After not taking part in team activities at Wednesday's practice, Coles was on the field today and his updated status will be revealed later this afternoon. The 5'11", 193-pounder, in his ninth season out of Florida State, knows many people expect big things from the 3-3 Jets.

"A lot of expectations have been placed on this team from the outside. I know, in this locker room, guys expect to win," he said. "With the guys in here, once it all comes together, I think it's going to be a beautiful thing.

"But it just hasn't come together yet and I think it's from top to bottom. Everybody has to be on the same page — the coaching staff, players. We have to put a total game together."

Coles didn't claim to have all the answers, but he stressed the importance of individual accountability.

"At this point, the only thing we can do as players and me individually is do what they ask us to do," he said. "I think I do the best I can at trying to do everything they ask me to do — all my assignments, where they want me to be, trying to get on the same page with Brett, trying to get an understanding of how he wants routes run.

"I think if each individual does that and takes a personal interest in doing that with the coaches and whoever you happen to work with, I think it will all come together."

Recognized for his fearlessness and tenacity, Coles likes the character the Jets displayed late at the Coliseum.

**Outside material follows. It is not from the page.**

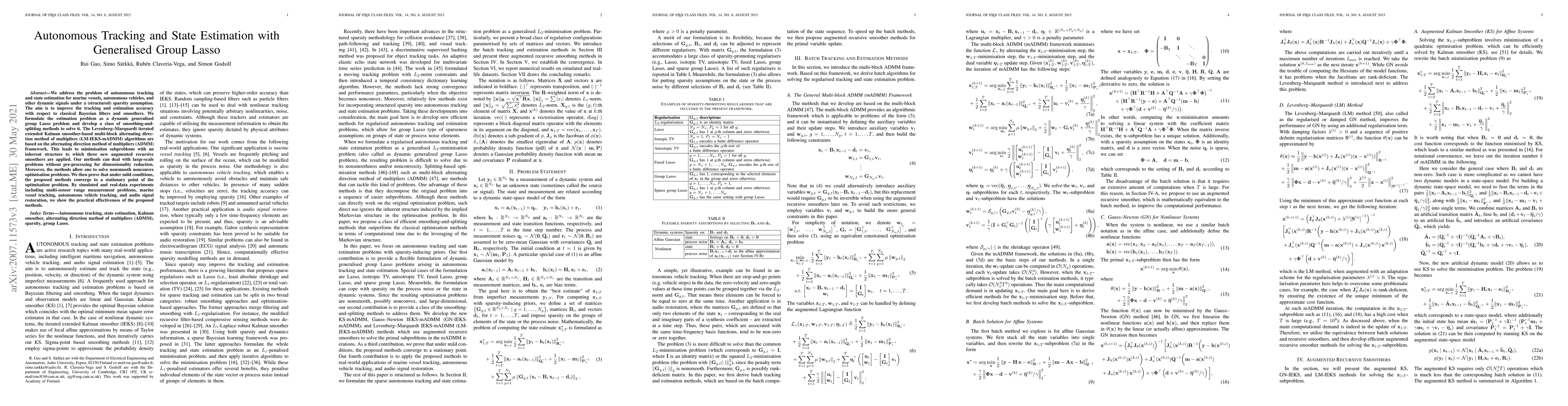We address the problem of autonomous tracking and state estimation for marine vessels, autonomous vehicles, and other dynamic signals under a (structured) sparsity assumption. The aim is to improve the tracking and estimation accuracy with respect to classical Bayesian filters and smoothers. We formulate the estimation problem as a dynamic generalised group Lasso problem and develop a class of smoothing-and-splitting methods to solve it. The Levenberg--Marquardt iterated extended Kalman smoother-based multi-block alternating direction method of multipliers (LM-IEKS-mADMM) algorithms are based on the alternating direction method of multipliers (ADMM) framework. This leads to minimisation subproblems with an inherent structure to which three new augmented recursive smoothers are applied. Our methods can deal with large-scale problems without pre-processing for dimensionality reduction. Moreover, the methods allow one to solve nonsmooth nonconvex optimisation problems. We then prove that under mild conditions, the proposed methods converge to a stationary point of the optimisation problem. By simulated and real-data experiments including multi-sensor range measurement problems, marine vessel tracking, autonomous vehicle tracking, and audio signal restoration, we show the practical effectiveness of the proposed methods.

The defense forced a three-and-out and the offense responded, driving from the Jets 5 with just 1:24 remaining before Jay Feely calmly connected from 52 yards out.

"We were willing to fight late in the game against Oakland and I think that's the most important thing. Anytime we have guys who continue to fight — even when we're behind the eightball late in ballgames — that will win you a lot of ballgames," he said.

In the short run, the Jets are in need of a win Sunday. And the quicker Coles recovers, the better for his team.

"I'm really comfortable with what we've come up with in our procedure. It's very systematic," Mangini said. "When it's all said and done, we're going to emphasize the player's safety, and he's not going to play until he's medically cleared to play."